**REQUIRED WORK**.
Copy each line below word for word and drop every image.

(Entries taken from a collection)

Start of Block

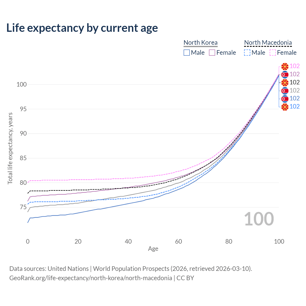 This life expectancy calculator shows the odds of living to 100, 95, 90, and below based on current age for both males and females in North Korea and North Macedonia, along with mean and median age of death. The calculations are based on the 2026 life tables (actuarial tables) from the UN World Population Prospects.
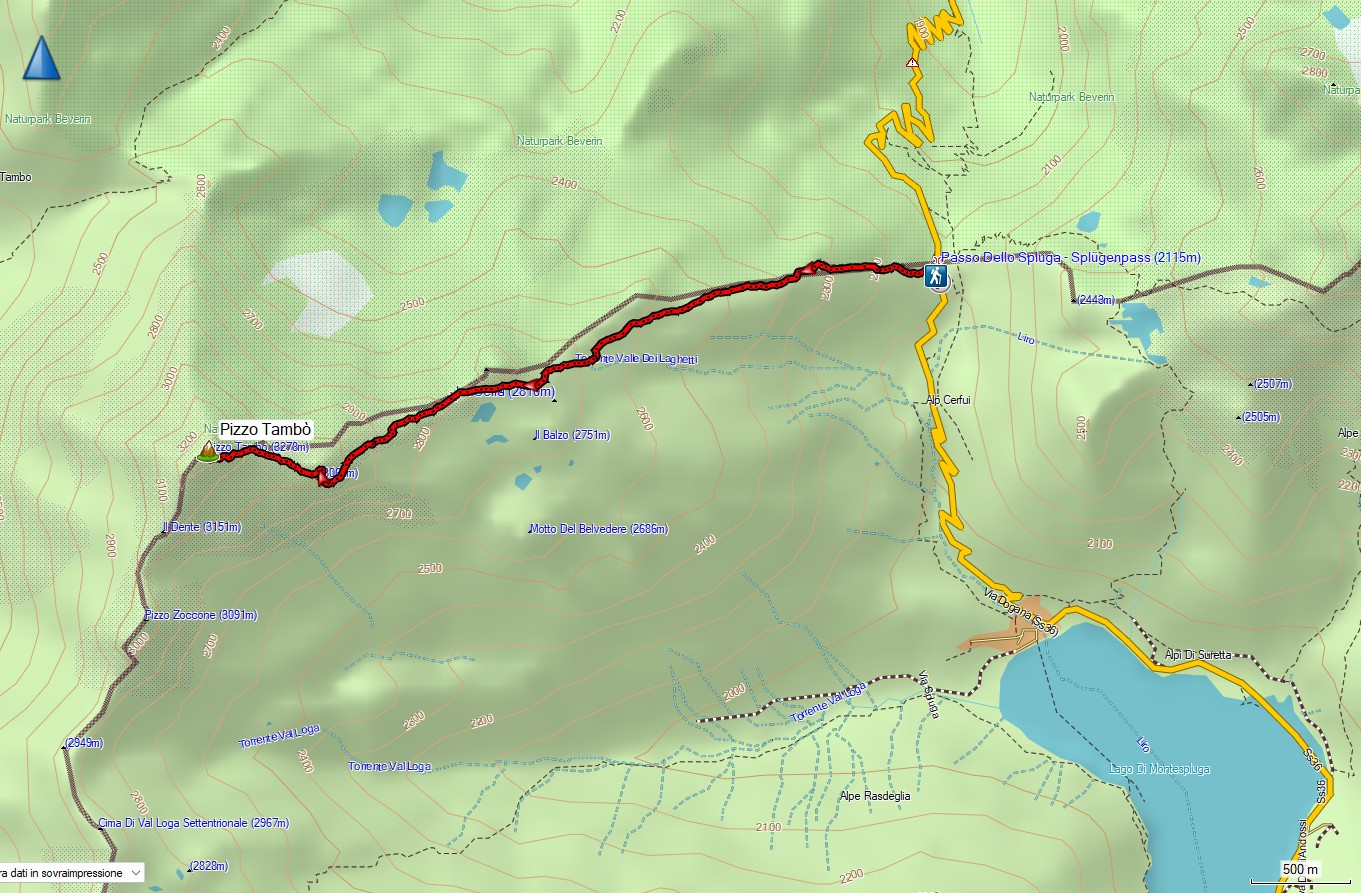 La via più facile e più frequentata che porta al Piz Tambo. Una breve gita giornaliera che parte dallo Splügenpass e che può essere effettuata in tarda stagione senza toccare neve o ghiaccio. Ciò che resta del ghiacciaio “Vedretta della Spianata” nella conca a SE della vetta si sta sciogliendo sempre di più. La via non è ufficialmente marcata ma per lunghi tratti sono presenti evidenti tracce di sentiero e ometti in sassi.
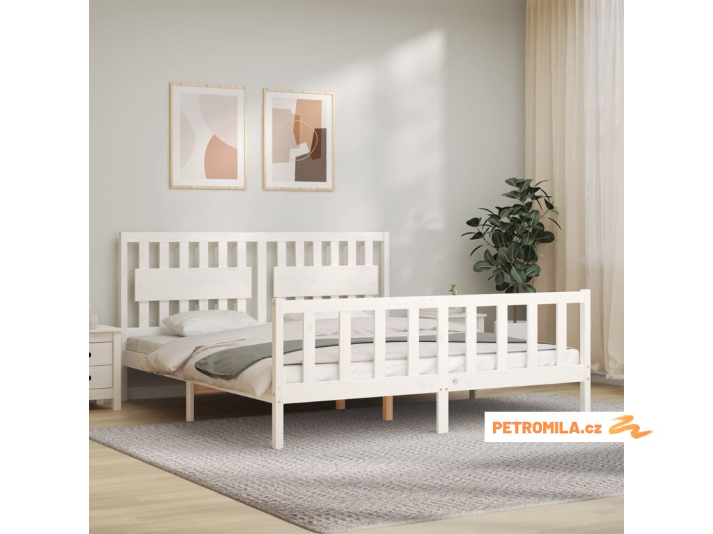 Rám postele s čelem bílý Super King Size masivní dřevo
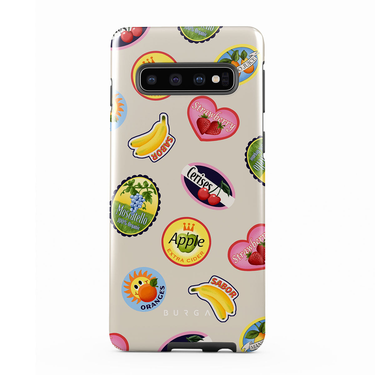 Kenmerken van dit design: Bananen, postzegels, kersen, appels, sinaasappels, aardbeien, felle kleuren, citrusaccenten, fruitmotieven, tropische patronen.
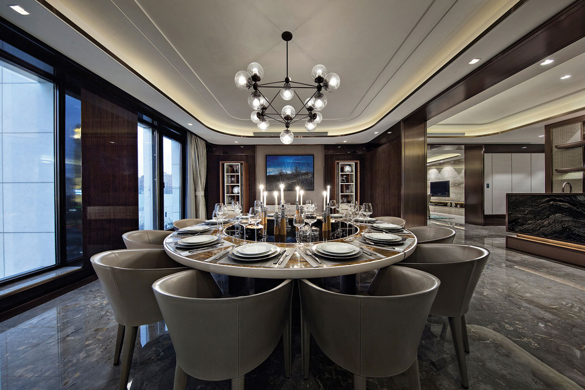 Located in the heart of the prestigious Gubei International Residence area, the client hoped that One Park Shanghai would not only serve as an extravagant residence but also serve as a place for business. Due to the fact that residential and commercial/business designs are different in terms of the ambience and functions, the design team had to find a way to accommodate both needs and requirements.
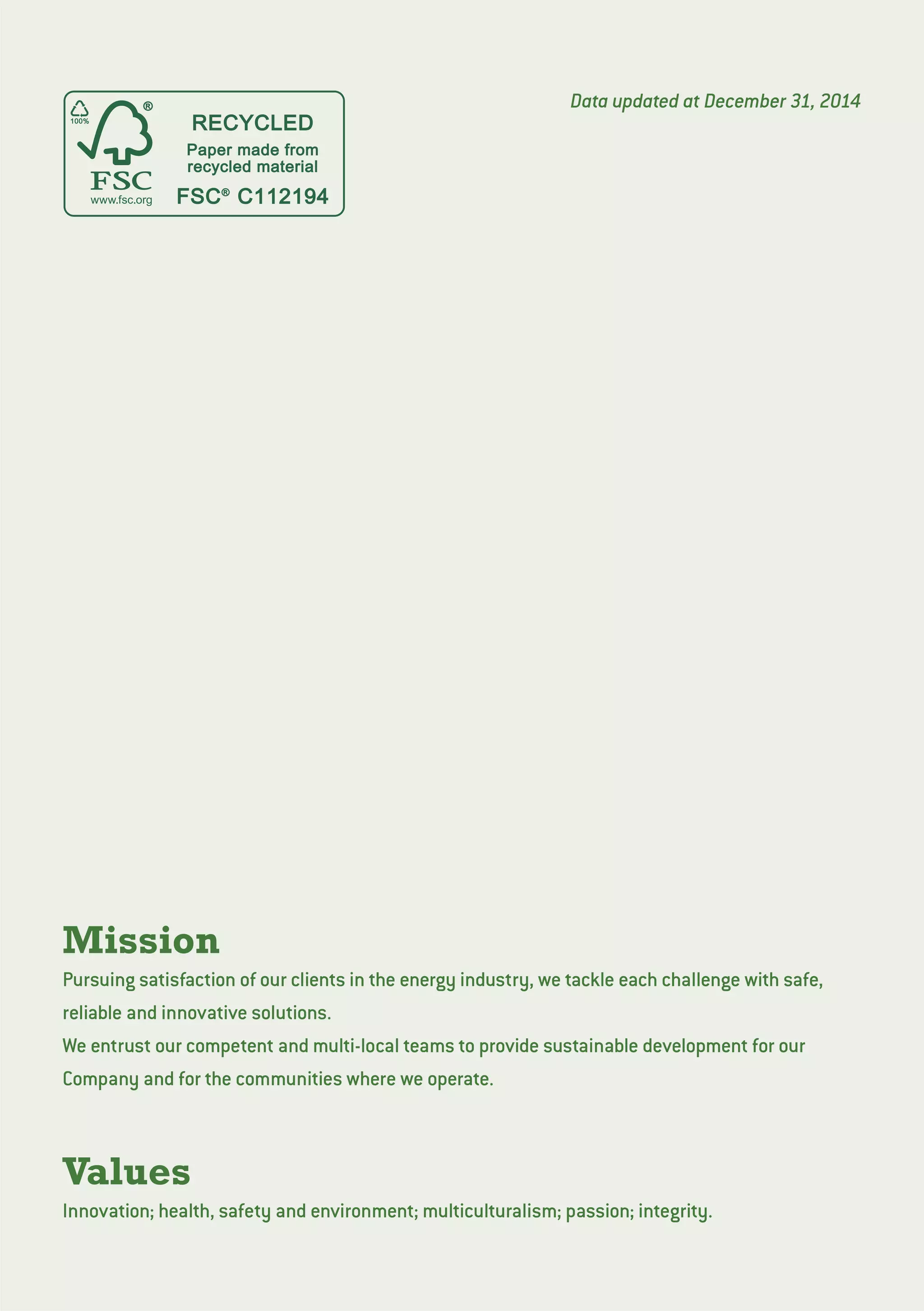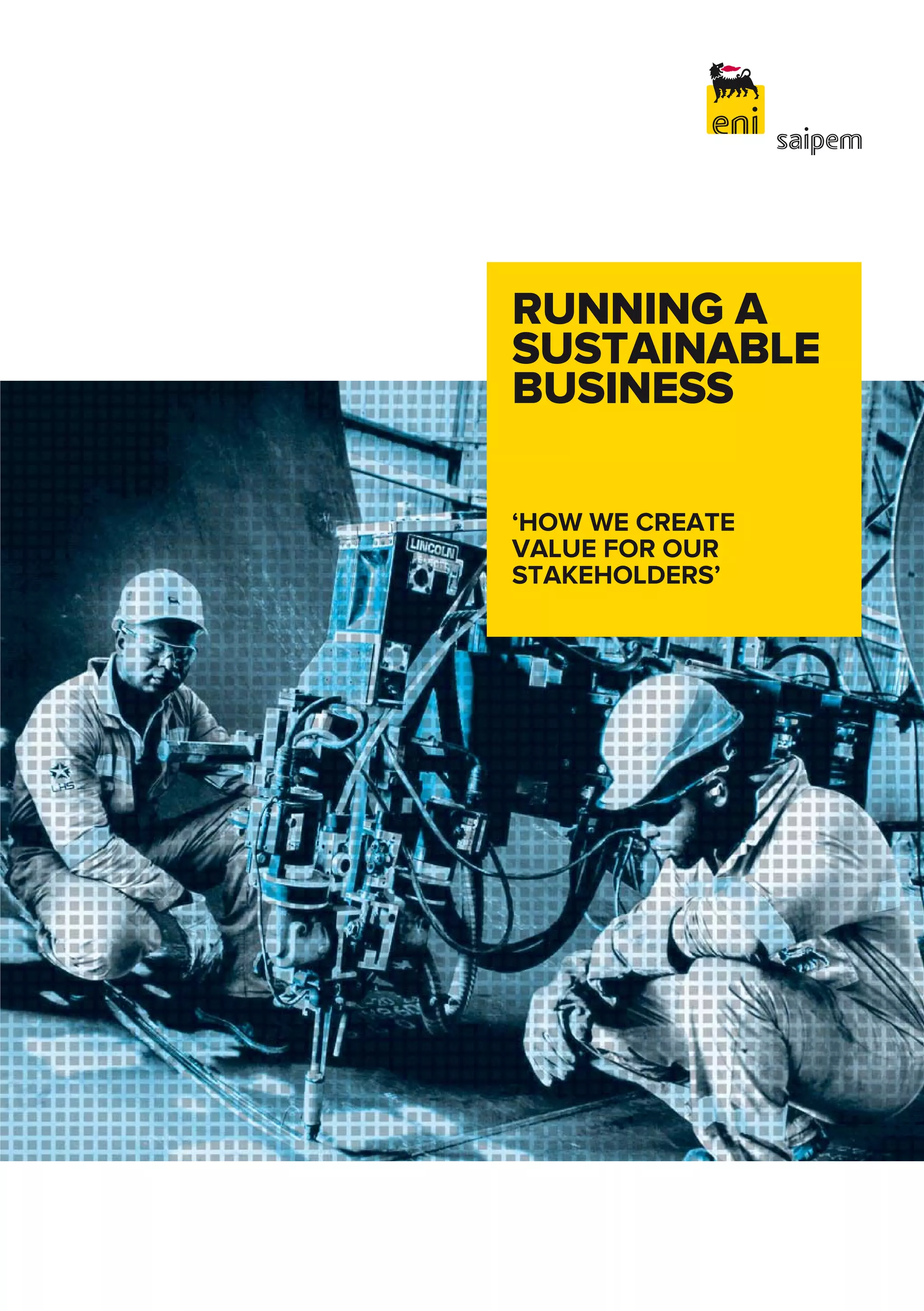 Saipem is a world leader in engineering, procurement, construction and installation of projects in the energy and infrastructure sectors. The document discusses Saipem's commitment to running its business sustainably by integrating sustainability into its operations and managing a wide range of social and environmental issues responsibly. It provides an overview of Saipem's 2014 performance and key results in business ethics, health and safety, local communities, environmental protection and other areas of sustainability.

End of Block

**TASK SOLUTION**.
 This life expectancy calculator shows the odds of living to 100, 95, 90, and below based on current age for both males and females in North Korea and North Macedonia, along with mean and median age of death. The calculations are based on the 2026 life tables (actuarial tables) from the UN World Population Prospects.
 La via più facile e più frequentata che porta al Piz Tambo. Una breve gita giornaliera che parte dallo Splügenpass e che può essere effettuata in tarda stagione senza toccare neve o ghiaccio. Ciò che resta del ghiacciaio “Vedretta della Spianata” nella conca a SE della vetta si sta sciogliendo sempre di più. La via non è ufficialmente marcata ma per lunghi tratti sono presenti evidenti tracce di sentiero e ometti in sassi.
 Rám postele s čelem bílý Super King Size masivní dřevo
 Kenmerken van dit design: Bananen, postzegels, kersen, appels, sinaasappels, aardbeien, felle kleuren, citrusaccenten, fruitmotieven, tropische patronen.
 Located in the heart of the prestigious Gubei International Residence area, the client hoped that One Park Shanghai would not only serve as an extravagant residence but also serve as a place for business. Due to the fact that residential and commercial/business designs are different in terms of the ambience and functions, the design team had to find a way to accommodate both needs and requirements.
 Saipem is a world leader in engineering, procurement, construction and installation of projects in the energy and infrastructure sectors. The document discusses Saipem's commitment to running its business sustainably by integrating sustainability into its operations and managing a wide range of social and environmental issues responsibly. It provides an overview of Saipem's 2014 performance and key results in business ethics, health and safety, local communities, environmental protection and other areas of sustainability.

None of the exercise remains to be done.